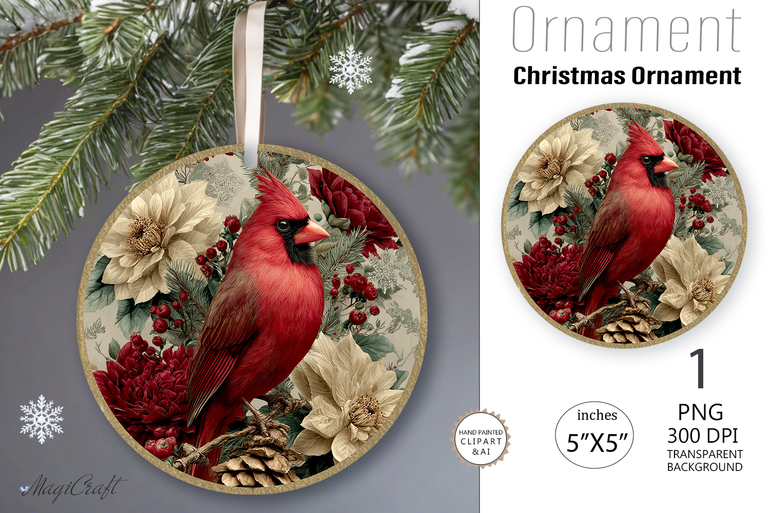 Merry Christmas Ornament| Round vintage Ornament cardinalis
---
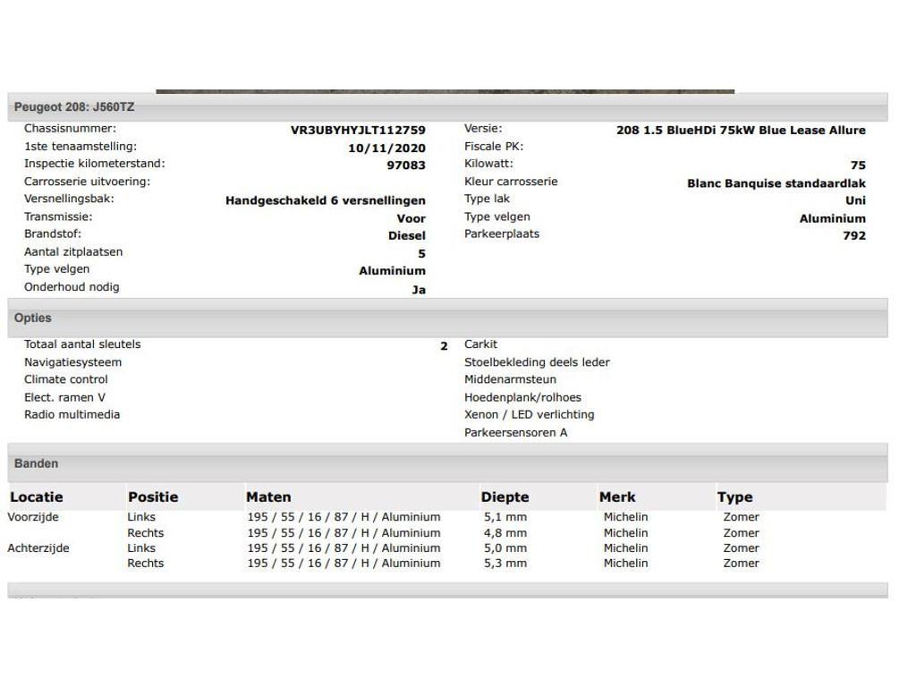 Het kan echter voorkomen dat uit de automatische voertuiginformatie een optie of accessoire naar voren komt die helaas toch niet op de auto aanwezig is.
* * *
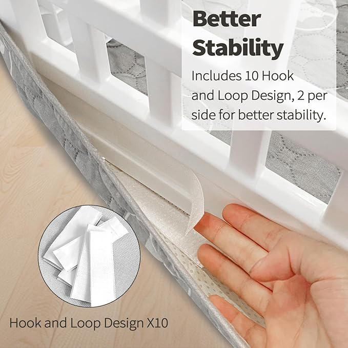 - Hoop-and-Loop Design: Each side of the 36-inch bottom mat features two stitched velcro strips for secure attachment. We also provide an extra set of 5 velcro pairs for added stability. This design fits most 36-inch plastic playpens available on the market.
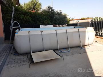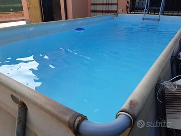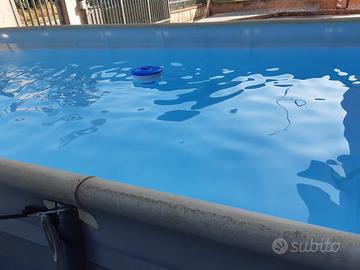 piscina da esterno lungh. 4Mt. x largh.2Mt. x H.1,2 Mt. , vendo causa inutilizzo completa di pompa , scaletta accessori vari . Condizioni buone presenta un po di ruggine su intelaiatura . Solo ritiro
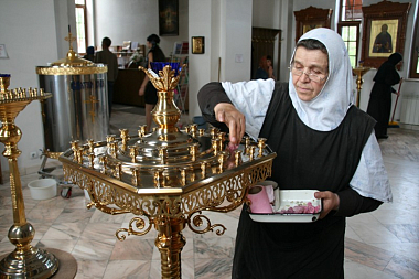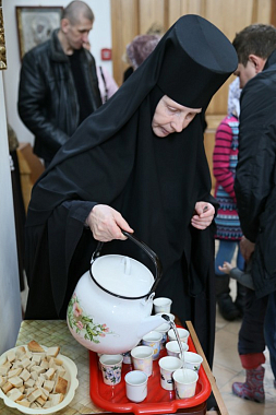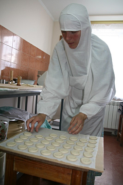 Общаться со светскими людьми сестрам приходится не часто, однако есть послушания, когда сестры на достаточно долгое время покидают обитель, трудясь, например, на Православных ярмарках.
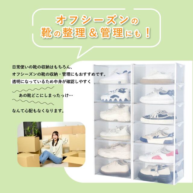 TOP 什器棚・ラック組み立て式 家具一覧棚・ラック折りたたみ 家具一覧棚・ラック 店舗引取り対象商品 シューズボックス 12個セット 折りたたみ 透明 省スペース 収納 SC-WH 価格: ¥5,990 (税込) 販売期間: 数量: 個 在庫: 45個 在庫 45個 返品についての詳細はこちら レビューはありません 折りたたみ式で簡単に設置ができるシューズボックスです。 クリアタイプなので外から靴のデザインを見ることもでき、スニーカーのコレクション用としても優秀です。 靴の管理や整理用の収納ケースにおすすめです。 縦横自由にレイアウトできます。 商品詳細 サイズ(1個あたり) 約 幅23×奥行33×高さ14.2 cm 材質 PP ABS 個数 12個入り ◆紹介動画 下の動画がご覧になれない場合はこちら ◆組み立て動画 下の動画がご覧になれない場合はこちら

*Exercise instructions*: In the listing above, find the line with "piscina da esterno" and the line with "TOP 什器棚・ラック組み立て式 家具一覧棚・ラック折りたたみ". Copy both of them and every line between, exactly, but not the pictures.

*Response box*:
 piscina da esterno lungh. 4Mt. x largh.2Mt. x H.1,2 Mt. , vendo causa inutilizzo completa di pompa , scaletta accessori vari . Condizioni buone presenta un po di ruggine su intelaiatura . Solo ritiro
 Общаться со светскими людьми сестрам приходится не часто, однако есть послушания, когда сестры на достаточно долгое время покидают обитель, трудясь, например, на Православных ярмарках.
 TOP 什器棚・ラック組み立て式 家具一覧棚・ラック折りたたみ 家具一覧棚・ラック 店舗引取り対象商品 シューズボックス 12個セット 折りたたみ 透明 省スペース 収納 SC-WH 価格: ¥5,990 (税込) 販売期間: 数量: 個 在庫: 45個 在庫 45個 返品についての詳細はこちら レビューはありません 折りたたみ式で簡単に設置ができるシューズボックスです。 クリアタイプなので外から靴のデザインを見ることもでき、スニーカーのコレクション用としても優秀です。 靴の管理や整理用の収納ケースにおすすめです。 縦横自由にレイアウトできます。 商品詳細 サイズ(1個あたり) 約 幅23×奥行33×高さ14.2 cm 材質 PP ABS 個数 12個入り ◆紹介動画 下の動画がご覧になれない場合はこちら ◆組み立て動画 下の動画がご覧になれない場合はこちら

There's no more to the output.